C. edge treated:, need to consider the marginal information of object in order to improve the Object Segmentation precision.To Flame Image Process, obtain edge object mask by canny filtering, and combine with the initial object mask and to obtain revising back object mask artwork.

D. the algorithm of sprouting wings: use Bayes's algorithm of sprouting wings that the semantic object border is carefully handled, obtain the segmentation result of low depth image.

The step that above-mentioned gradient energy is handled is:

At first provide the energy function formula, promptly following formula 1: image is carried out x respectively, and the partial derivative of y both direction is got the branch subitem of their absolute value as energy function; Try to achieve direction gradient histogram HoG (the Histogram of Gradients) maximal value of each pixel, by calculating pixel point i (x, y) the direction gradient angle of all pixels in 11 * 11 neighborhoods is divided in 20 intervals, seeks out the maximal value number as this pixel denominator term; Wherein (x y) is image pixel value to i.

E_{HoG} = \frac{| \frac{&PartialD;}{&PartialD; x} i | + | \frac{&PartialD;}{&PartialD; y} i |}{\max (HoG (i (x, y)))} - - - (1)

Next understand the character of low depth image:

1. the low depth of field is important camera work, and the object in field depth can clear demonstration, this extraneous object and object then show comparatively fuzzy, so piece image can be divided into focal zone and out-focus region.Definition r _Fo(x, y) and r _Unfo(x y) is respectively focal zone and out-focus region in the low depth image, original image i (x y) can be expressed as:

i(x，y)＝r _fo(x，y)+r _unfo(x，y) (2)

2. in low depth image, focal zone has been concentrated a large amount of high-frequency informations, utilizes this character can obtain the distribution of focal zone in image.If (x y) is ambiguity function to α, is expressed as low-pass filter on mathematics.

i _α(x，y)＝i(x，y)*α(x，y)＝r _fo(x，y)*α(x，y)+r _unfo(x，y)*α(x，y)(3)

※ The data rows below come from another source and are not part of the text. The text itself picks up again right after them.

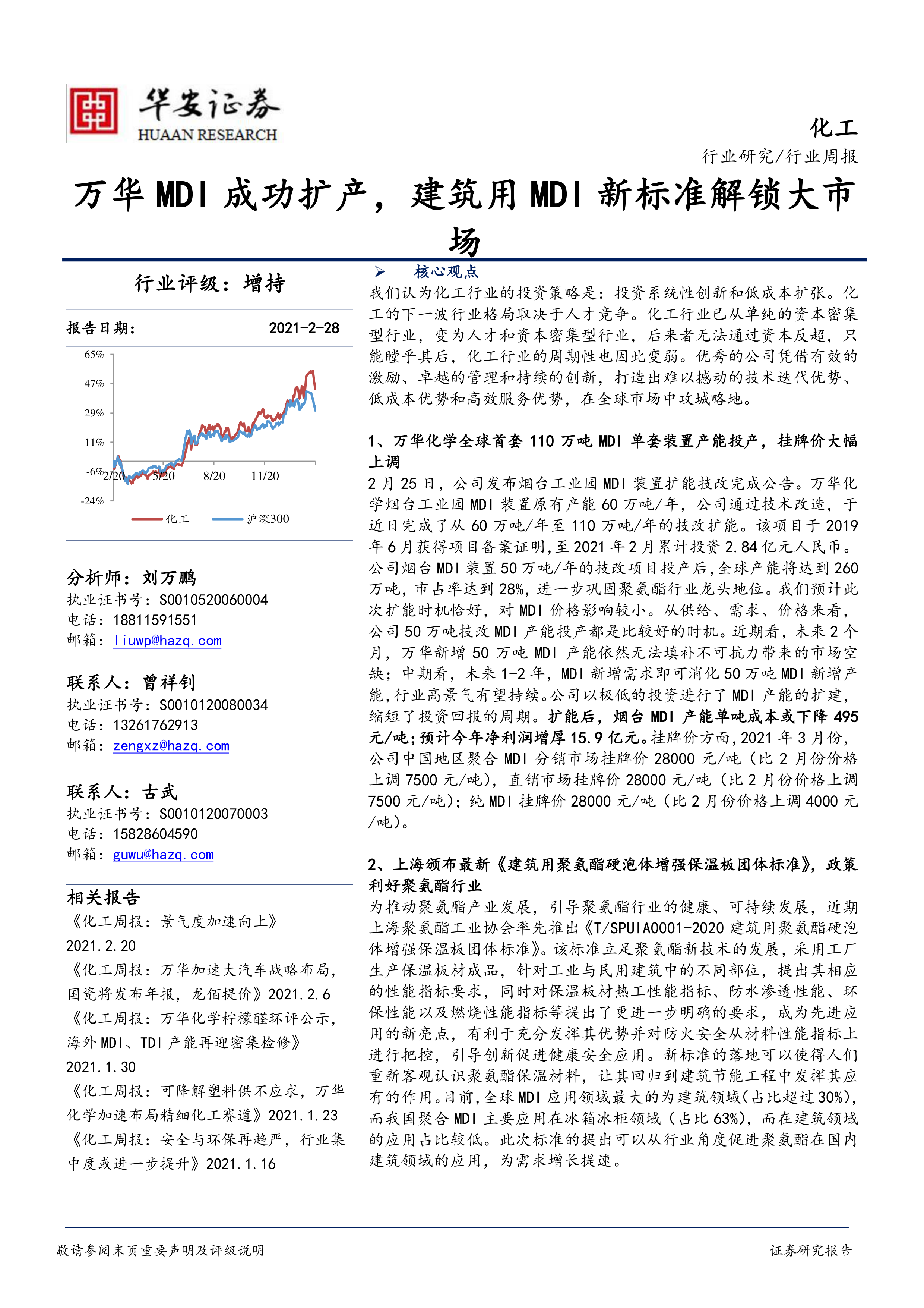2月25日,公司发布烟台工业园MDI装置扩能技改完成公告。万华化学烟台工业园MDI装置原有产能60万吨/年,公司通过技术改造,于近日完成了从60万吨/年至110万吨/年的技改扩能。该项目于2019年6月获得项目备案证明,至2021年2月累计投资2.84亿元人民币。公司烟台MDI装置50万吨/年的技改项目投产后,全球产能将达到260万吨,市占率达到28%,进一步巩固聚氨酯行业龙头地位。我们预计此次扩能时机恰好,对MDI价格影响较小。从供给、需求、价格来看,公司50万吨技改MDI产能投产都是比较好的时机。近期看,未来2个月,万华新增50万吨MDI产能依然无法填补不可抗力带来的市场空缺;中期看,未来1-2年,MDI新增需求即可消化50万吨MDI新增产能,行业高景气有望持续。公司以极低的投资进行了MDI产能的扩建,缩短了投资回报的周期。扩能后,烟台MDI产能单吨成本或下降495元/吨;预计今年净利润增厚15.9亿元。挂牌价方面,2021年3月份,公司中国地区聚合MDI分销市场挂牌价28000元/吨(比2月份价格上调7500元/吨),直销市场挂牌价28000元/吨(比2月份价格上调7500元/吨);纯MDI挂牌价28000元/吨(比2月份价格上调4000元/吨)。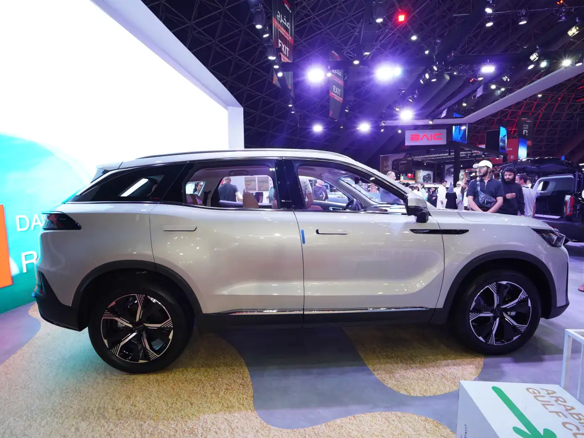 The BAIC X7 boasts a bold, muscular silhouette that resonates deeply with Saudi Arabia's automotive culture. Its front fascia — featuring a wide-mouth grille, split LED headlights, and sculpted hood — radiates the confidence that Middle Eastern roads demand.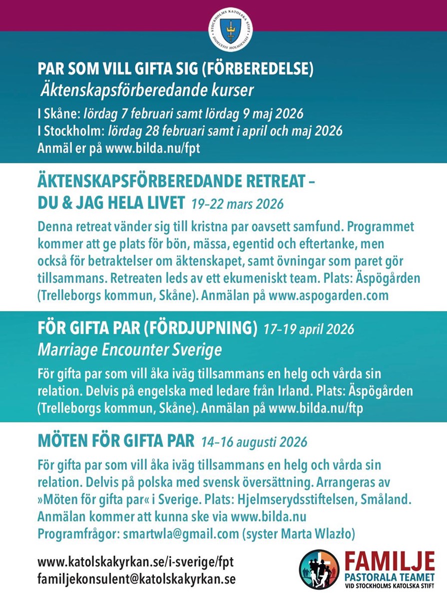 Helgen vänder sig till gifta par som vill vårda sitt äktenskap och fördjupa sin kommunikation. Reträtten använder sig av upplägget hos World Wide Marriage Encounter. Reträtten hålls på Äspögården (Trelleborgs kommun, Skåne). Anmälan och information finns på www.bilda.nu/fpt Programfrågor: familjekonsulent@katolskakyrkan.se.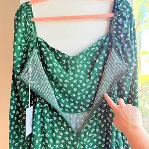 Reformation Mochi Long Sleeve Mini Dress Chive Green & White Floral size 6 NWT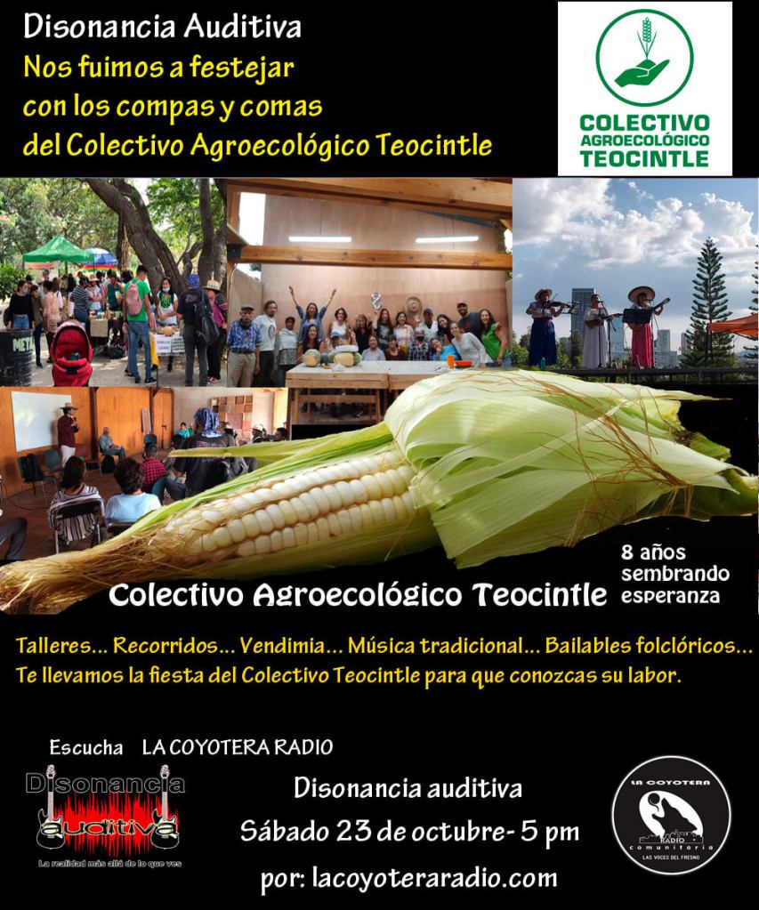 Mañana sábado platicamos con las y los compas de Colectivo Agroecológico Teocintle, en el marco de su octavo aniversario donde haremos un recorrido sobre su historia, trabajo agroecológico y ambiental, además de revivir los momentos de este festejo, recorrido por el Parque Agroecológico Zapopan, su cede y platicamos con algunos productores orgánicos y artesanales que participaron en el evento.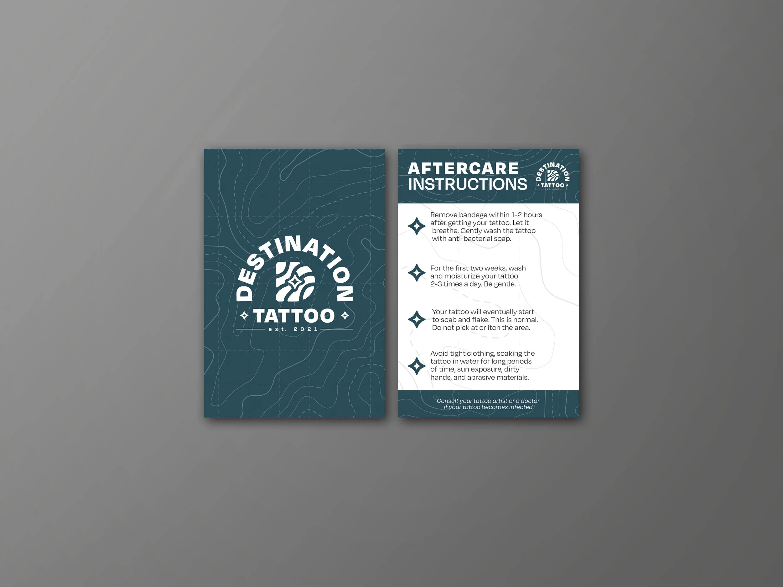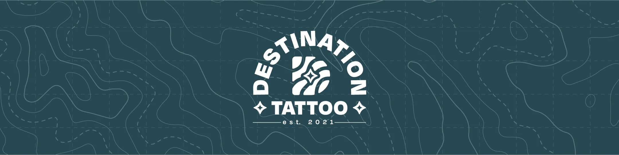 The visual identity of Destination Tattoo harmonizes with its adventurous essence. By incorporating topography elements like contour lines and maps, along with subtle travel symbols, the branding creates a compelling connection between the art of tattooing and the spirit of exploration.

(x, y) Fuzzy Processing obtains blurred picture, by (texture in focal zone, edge etc. are by obfuscation for x, y) convolution implementation low-pass filtering, and out-focus region then is difficult to find out for what difference with α to i in formula (3) expression.The high frequency value of supposing focal zone concentrates on f _High1～f _High2In, mainly concentrated a large amount of low-frequency information in the out-focus region, establish and concentrate on f _Low1～f _Low2In, (x, frequency values y) they are f to low-pass filter α wherein _α, adjust f _αValue make f _High1～f _High2The bulk information of frequency range is by filtering.Blurred picture is reflected as in frequency spectrum

I _α(u，v)＝I(u，v)×α(u，v)＝R _fo(u，v)×α(u，v)+R _unfo(u，v)×α(u，v)(4)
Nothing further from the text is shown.